Le 40ème anniversaire du 30 avril 1975 avait été célébré dans une atmosphère étrange. Louis Raymond, qui y a assisté, restitue ses souvenirs en réfléchissant au lien entre l’armée et le peuple au Viêt Nam.

Étrange sensation, ce 30 avril 2025, en voyant les posts sur les réseaux sociaux et les stories Instagram de mes amis vietnamiens. L’avenue Nguyên Huê, grande artère piétonne en face du comité populaire de Ho Chi Minh-Ville, était noire de monde, à en déborder. Les gens sont venus pour admirer le spectacle son et lumière, projeté sur la façade du bâtiment d’architecture coloniale. Plus loin, le long de la rivière, sur la rue Tôn Duc Thang et la place Mê Linh, des centaines de milliers de mobylettes agglutinées, comme pour les soirs de victoire de l’équipe de football nationale.

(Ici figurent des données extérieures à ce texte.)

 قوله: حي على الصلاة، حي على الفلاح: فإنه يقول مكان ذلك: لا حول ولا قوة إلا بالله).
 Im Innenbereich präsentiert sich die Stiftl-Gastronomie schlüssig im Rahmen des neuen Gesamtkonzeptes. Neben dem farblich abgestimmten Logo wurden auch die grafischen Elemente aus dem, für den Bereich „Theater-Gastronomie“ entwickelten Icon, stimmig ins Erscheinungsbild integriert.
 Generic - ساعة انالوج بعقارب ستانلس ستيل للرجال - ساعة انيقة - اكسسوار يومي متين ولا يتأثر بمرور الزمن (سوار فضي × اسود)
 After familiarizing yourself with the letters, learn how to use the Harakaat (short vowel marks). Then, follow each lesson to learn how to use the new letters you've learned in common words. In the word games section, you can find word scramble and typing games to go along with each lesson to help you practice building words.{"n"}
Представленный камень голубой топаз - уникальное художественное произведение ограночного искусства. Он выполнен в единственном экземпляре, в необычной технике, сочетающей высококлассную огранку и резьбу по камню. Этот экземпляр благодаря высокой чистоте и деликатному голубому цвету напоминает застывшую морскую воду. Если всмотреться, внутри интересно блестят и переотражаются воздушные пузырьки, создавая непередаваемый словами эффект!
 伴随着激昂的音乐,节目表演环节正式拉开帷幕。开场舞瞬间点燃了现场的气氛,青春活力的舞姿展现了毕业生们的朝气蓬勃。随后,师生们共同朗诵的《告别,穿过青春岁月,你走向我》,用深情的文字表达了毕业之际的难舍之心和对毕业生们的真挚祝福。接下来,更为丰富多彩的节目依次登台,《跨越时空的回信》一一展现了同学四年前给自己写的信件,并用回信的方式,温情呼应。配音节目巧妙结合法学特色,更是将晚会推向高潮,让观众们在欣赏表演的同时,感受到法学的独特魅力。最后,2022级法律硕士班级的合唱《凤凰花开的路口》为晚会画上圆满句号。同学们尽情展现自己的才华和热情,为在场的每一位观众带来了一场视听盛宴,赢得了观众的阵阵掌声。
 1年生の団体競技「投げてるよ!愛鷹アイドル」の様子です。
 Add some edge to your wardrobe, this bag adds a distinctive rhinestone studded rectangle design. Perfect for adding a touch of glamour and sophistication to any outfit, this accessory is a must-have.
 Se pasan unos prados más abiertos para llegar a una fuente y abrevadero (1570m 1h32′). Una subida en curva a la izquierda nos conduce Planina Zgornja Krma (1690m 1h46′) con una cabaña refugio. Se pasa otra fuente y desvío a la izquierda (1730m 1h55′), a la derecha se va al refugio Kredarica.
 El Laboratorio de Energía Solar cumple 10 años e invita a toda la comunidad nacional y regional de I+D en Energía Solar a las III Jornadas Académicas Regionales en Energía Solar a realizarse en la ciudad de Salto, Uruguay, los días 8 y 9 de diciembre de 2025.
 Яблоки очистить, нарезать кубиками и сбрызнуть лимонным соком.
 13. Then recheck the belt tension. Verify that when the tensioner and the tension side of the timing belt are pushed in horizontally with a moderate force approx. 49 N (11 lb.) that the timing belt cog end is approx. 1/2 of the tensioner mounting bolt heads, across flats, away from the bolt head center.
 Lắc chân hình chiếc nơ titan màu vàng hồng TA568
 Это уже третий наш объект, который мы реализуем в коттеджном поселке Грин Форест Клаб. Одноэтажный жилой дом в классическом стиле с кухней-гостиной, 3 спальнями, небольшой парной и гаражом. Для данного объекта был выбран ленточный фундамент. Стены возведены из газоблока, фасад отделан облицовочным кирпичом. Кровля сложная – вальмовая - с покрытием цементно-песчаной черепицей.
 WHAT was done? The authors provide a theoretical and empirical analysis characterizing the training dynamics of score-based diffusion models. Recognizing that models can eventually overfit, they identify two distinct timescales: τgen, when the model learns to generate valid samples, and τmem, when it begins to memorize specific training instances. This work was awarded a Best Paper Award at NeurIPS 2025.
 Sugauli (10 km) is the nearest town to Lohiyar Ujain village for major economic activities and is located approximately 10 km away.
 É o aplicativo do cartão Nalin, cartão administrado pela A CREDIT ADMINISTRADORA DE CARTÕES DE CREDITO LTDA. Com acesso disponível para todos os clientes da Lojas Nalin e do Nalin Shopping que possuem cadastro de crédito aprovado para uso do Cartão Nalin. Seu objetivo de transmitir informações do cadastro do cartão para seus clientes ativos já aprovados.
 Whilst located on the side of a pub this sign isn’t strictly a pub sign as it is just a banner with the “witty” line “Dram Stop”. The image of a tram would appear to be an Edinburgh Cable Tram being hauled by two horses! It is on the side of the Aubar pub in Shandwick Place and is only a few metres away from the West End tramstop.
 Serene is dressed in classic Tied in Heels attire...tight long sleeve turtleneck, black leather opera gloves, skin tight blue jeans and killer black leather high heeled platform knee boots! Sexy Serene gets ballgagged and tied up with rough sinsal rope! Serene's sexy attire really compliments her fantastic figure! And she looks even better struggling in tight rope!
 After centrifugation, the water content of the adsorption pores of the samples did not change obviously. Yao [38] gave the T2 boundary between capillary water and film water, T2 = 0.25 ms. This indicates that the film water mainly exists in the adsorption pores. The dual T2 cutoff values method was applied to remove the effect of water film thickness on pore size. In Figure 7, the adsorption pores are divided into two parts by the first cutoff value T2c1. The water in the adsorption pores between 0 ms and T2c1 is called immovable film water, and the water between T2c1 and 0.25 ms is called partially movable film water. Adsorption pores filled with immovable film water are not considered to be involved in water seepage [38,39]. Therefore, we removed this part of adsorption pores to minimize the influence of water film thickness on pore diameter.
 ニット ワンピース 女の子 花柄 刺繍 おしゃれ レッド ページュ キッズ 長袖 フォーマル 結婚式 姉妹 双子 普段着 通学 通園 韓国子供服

Sur d’autres images, la foule a l’air ravie à la fois de la parade des drones et d’être conviée au défilé militaire. Cette fois-ci, des soldats chinois ont défilé, au côté des Vietnamiens et s’ils furent dans l’ensemble bien accueillis, les enjeux en mer dite de l’Est sont dans toutes les têtes. Dans les journaux, on loue l’unité de la nation. Les dirigeants, le secrétaire du Parti communiste Tô Lâm le premier, ont donné le ton : Vietnamiens du pays ou d’Outre-mer, tous marchent ensemble désormais.

Dix ans auparavant, en avril 2015, je vivais à Ho Chi Minh-Ville. À la veille du 40ème anniversaire, l’ambiance était radicalement différente. Un ancien Président de la République, Nguyên Minh Triêt, avait bien fait des déclarations en faveur de la réconciliation des Vietnamiens, mais idéologiquement, le Parti ne voulait pas lâcher prise : les perdants de la guerre, ceux du Sud, de la République du Viêt Nam, étaient aussi condamnés au mépris ou à l’oubli.

Un défilé sous bonne garde

Les préparatifs du 40ème anniversaire furent surprenants. Devant le Ppalais de la réunification, des décors étaient préparés. Je me souviens assez nettement d’une reproduction en carton-pâte du char qui a défoncé la grille de ce même palais, alors présidentiel, le 30 avril 1975. Un peu plus loin, une estrade était en cours de montage. Les policiers quadrillaient le 1er arrondissement, avec des barrières anti-émeutes. Mais personne n’avait vraiment d’informations sur l’organisation des festivités. A quoi allait-on assister ? Et surtout, qui aurait le droit d’y assister ?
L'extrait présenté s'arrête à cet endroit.